= Animal Diversity Web =

Online database

The Animal Diversity Web (ADW) is a non-profit group that hosts an online database site that collects natural history, classification, species characteristics, conservation biology, and distribution information on species of animals. The website includes photographs, sound clips, and a virtual museum.

The local, relational database is written and maintained by staff and student contributors from the University of Michigan. It can be accessed through the web and mobile apps. It offers resources for schoolteachers ("K–12 instructors"), and functions as a virtual museum containing mostly mammals and a collection of skulls that can be virtually handled.

== Background ==
The ADW was created in 1995 by Philip Myers, a former biology professor at the University of Michigan. As of June 2022, the site contained records for approximately 2,150 animal species, represented by 11,500 images and 725 sounds. The ADW has over 250 accounts of higher taxonomic groups.

Most of the contributors to the website are undergraduate students. ADW has collaborated with 30 colleges and universities across the United States.
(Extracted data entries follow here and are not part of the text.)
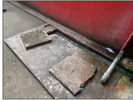
ภาพที่ 2.2-12 บ่อเกรอะ (Septic Tank)
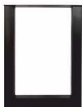
U Statafel | 3152 H 105 B 80 Profiel: 100 x 100 mm.
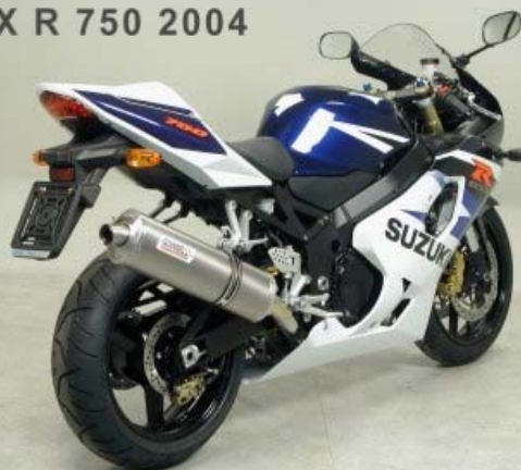
GSX R 750 2004
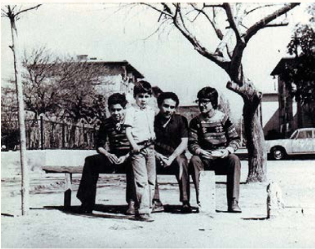
Población Juan Antonio Ríos. Blog Identidad y cultura. Autor y año desconocido.
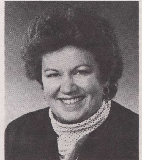
La Ministro de Salud Monique Bégin

la señorita Bégin. En Canadá existe una variedad de programas federales y provinciales destinados específicamente a solucionar algunos de estos problemas, a saber: “diálogo sobre la bebida”, “operación estilo de vida”, “participación”, y “guía alimenticia de Canadá”. Además, el gobierno federal ha iniciado recientemente un programa para disuadir a los jóvenes de fumar y un programa de nutrición llamado “equilibrio”.
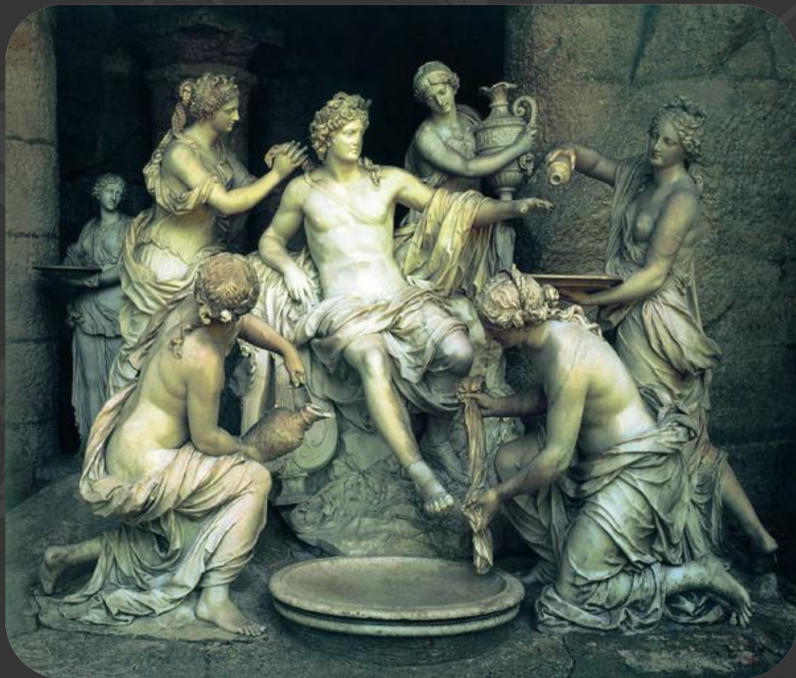
Франсуа Жирардон. Аполлон и Нимфы.

Первым новшеством, привнесенным скульптурой барокко, стал интерес к драматической сложности и многообразию мира. Главное внимание уделялось динамизму ансамбля благодаря воплощению сцен, изображавших определенный момент какого-то действия. Скульпторы стремились к включению зрителей в пространство скульптуры и усилению зрелищности сцены.
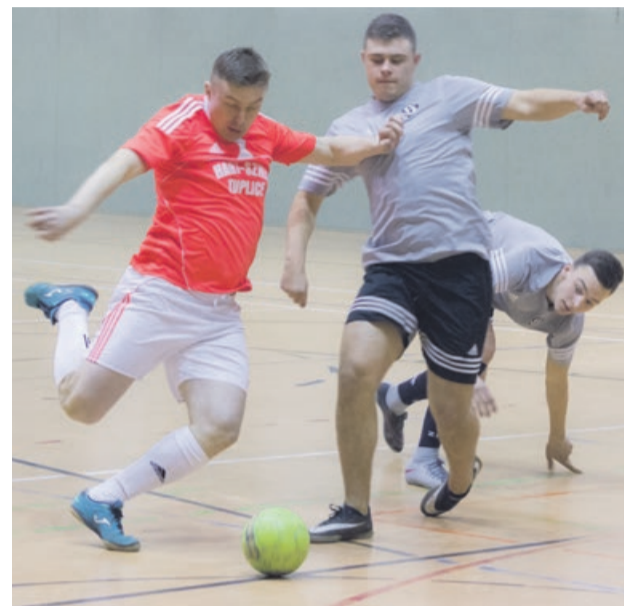
Więcej bramek na koncie drużyny Hart-Szko Tuplice. Hooligans na drugim miejscu
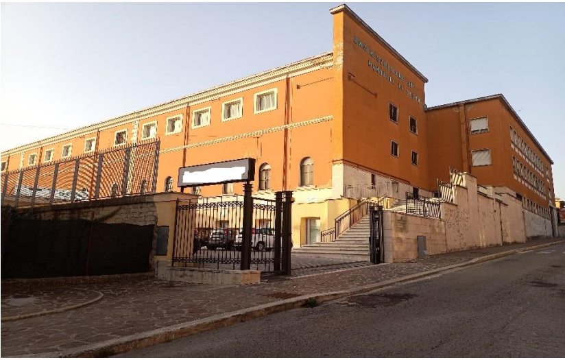
Lati sud ed est su via XIVV Maggio
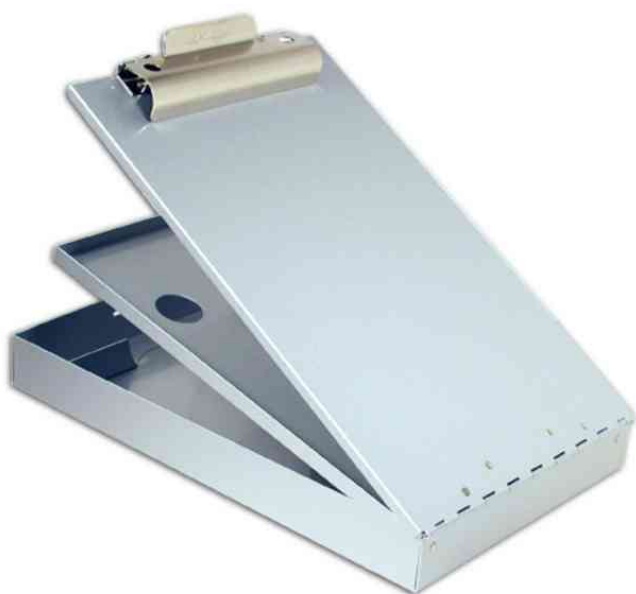
Porte-bloc avec compartiment pour formulaire Cruiser Mate

The undergraduate students often submit reports on species as part of their course requirements. Each account is edited by both the professors and the staff at the ADW. As of November 2017, the Animal Diversity Web had 3,675 contributors.

== Staff ==
The current staff of the Animal Diversity Web is employed at the University of Michigan (as of 2017):

- Phil Myers, Ph.D.: Director and founder of the Animal Diversity Web. Curator of Mammals in the Museum of Zoology and Professor of Ecology and Evolutionary Biology.
- Tricia Jones, Ph.D.: Educational researcher, assessment and usability coordinator, and site design consultant.
- Roger Espinosa, M.S.: Technical lead in content management, XML templates, search engines, and taxonomy database.
- Tanya Dewey, Ph.D.: Content expert, curriculum consultant, and ADW upkeep.
- George Hammond, M.S.: Content expert, curriculum consultant, and ADW upkeep.